In article <1154@stewart.UUCP> jerry@stewart.UUCP (Jerry Shekhel) writes:
>jbickers@templar.actrix.gen.nz (John Bickers) writes:
>>    It's usually because if you have a split cache you break programs
>>    that use self-modifying code.

>Doubtful, John, since every OS in existence treats code as data when it
>loads it into memory for execution.

Hmm, and I thought some of your other points were good, but now I know you
were just smoking something :)

But seriously, any OS that has to worry about loading code and cache
consistency has special code to deal with that.

DOS programs, on the other hand, don't, because they've never had to.
These programs could be rewritten, but when you have 40-60 million
DOS users, you don't tend to go out and break something like that.

David Navas                                   navas@cory.berkeley.edu
	2.0 :: "You can't have your cake and eat it too."
Also try c186br@holden, c260-ay@ara and c184-ap@torus

jbickers@templar.actrix.gen.nz (John Bickers) (06/26/91)

Quoted from <1154@stewart.UUCP> by jerry@polygen.uucp (Jerry Shekhel):
> jbickers@templar.actrix.gen.nz (John Bickers) writes:

> >    It's usually because if you have a split cache you break programs
> >    that use self-modifying code.

> Doubtful, John, since every OS in existence treats code as data when it
> loads it into memory for execution.

    I believe you'll find that these OS's have functions to "flush" the
    various caches, to keep things in sync.
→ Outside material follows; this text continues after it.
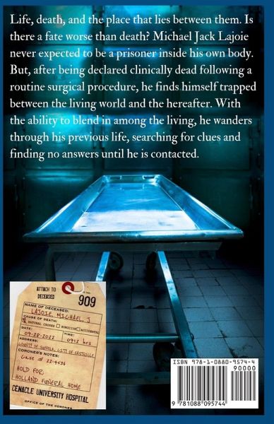 Life, death, and the place that lies between them. Is there a fate worse than death? Michael Jack Lajoie never expected to be a prisoner inside his own body. But, after being declared clinically dead following a routine surgical procedure, he finds himself trapped between the living world and the hereafter. With the ability to blend in among the living, he wanders through his previous life, searching for clues and finding no answers until he is contacted. Michael "Jack" Lajoie struggles with being declared clinically dead after a routine medical procedure but can still walk amongst the living. He awakens to this new world and seeks clues as to who is responsible for his condition. His wife, Ellen, is all alone and struggles to come to grips with his sudden loss and starts to experience several strange phenomena in her home and private life. While inside Calverton National Cemetery, attending his own funeral, Jack sees the odd behavior of four people in the vast field of headstones; he now believes that his wife may be in danger. While temporarily sheltered in the tool shed behind his home, he is approached by Alex, another victim of what is turning out to be a group explicitly harvested from the population. This group of the deceased is composed of all medically terminal military personnel. One evening as Jack's wife Ellen sleeps inside their home, an intruder enters and draws Jack inside. The intruder, Paul Jennings, is seeking to find the rest of his experimental group that has gone missing and the person responsible for their condition, Dr. Phillipe Sixto. However, there is a link between the group of the deceased and a coalition comprised of elected government officials, entrepreneur billionaires, and doctors. The coalition harvested the group for an unknown mission and is now seeking them out by any means necessary.

Or rely on overflowing the
    cache...

    I also believe that loading programs is a very minor proportion of
    the total usage RAM gets on a typical machine, so it's a minor loss
    in efficiency.

> | JERRY J. SHEKHEL  | POLYGEN CORPORATION  | When I was young, I had to walk |
--
*** John Bickers, TAP, NZAmigaUG.        jbickers@templar.actrix.gen.nz ***
***         "Endless variations, make it all seem new" - Devo.          ***

dant@ryptyde.UUCP (Daniel Tracy) (06/26/91)

In article <1991Jun25.012010.3154@Sugar.NeoSoft.com> peter@Sugar.NeoSoft.com (Peter da Silva) writes:
>In article <112@ryptyde.UUCP> dant@ryptyde.UUCP (Daniel Tracy) writes:
>> I was referring to the general-purpose address/data registers used in the 
>> 8086 line! You wouldn't call these general purpose?
>
>Oh, sure. Both of them.
>-- 
>Peter da Silva.   `-_-'   <peter@sugar.neosoft.com>.
>                   'U`    "Have you hugged your wolf today?"

I believe there are 8. All of which can be used as data registers, most
can be used as address registers, and 7 are implicit parameters to various
commands.

kls30@duts.ccc.amdahl.com (Kent L Shephard) (06/27/91)

In article <1991Jun25.165516.13021@mintaka.lcs.mit.edu> rjc@churchy.gnu.ai.mit.edu (Ray Cromwell) writes:
>In article <1154@stewart.UUCP> jerry@stewart.UUCP (Jerry Shekhel) writes:
>>jbickers@templar.actrix.gen.nz (John Bickers) writes:
>>>
>>>    It's usually because if you have a split cache you break programs
>>>    that use self-modifying code.
>>>
>>
>>Doubtful, John, since every OS in existence treats code as data when it
>>loads it into memory for execution.
>
>  But this is different, Jerry, because in this case the OS KNOWS
>how to clear caches. If a lot of MS-DOG programs used self-modifying
>programs, or if the OS itself doesn't know how to treat caches,
>code will break. Hence, Intel probably keeping I&D unified to avoid
>an MS-DOG nightmare.

Wrong.  Intel decided to go with a unified cache for one because it is
simpler to implement.  Also if you have a 4 way set assoc. cache you
have basically 4 small caches.  Also in Intel processors you have
instuctions that have data included or immediately following.  Kind of
hard to separate data and instuctions.

Moto went with a seperate cache because the architecture is different.
The type of instructions are different.

As for self modifying code.  The machines that use Moto processors are
more guilty of this.  The Mac and Atari machines uses self modifying code
for copy protection.  When Moto started putting small caches on their
chips it created a nightmare.

Self modifying code would have broken the 386 with cache.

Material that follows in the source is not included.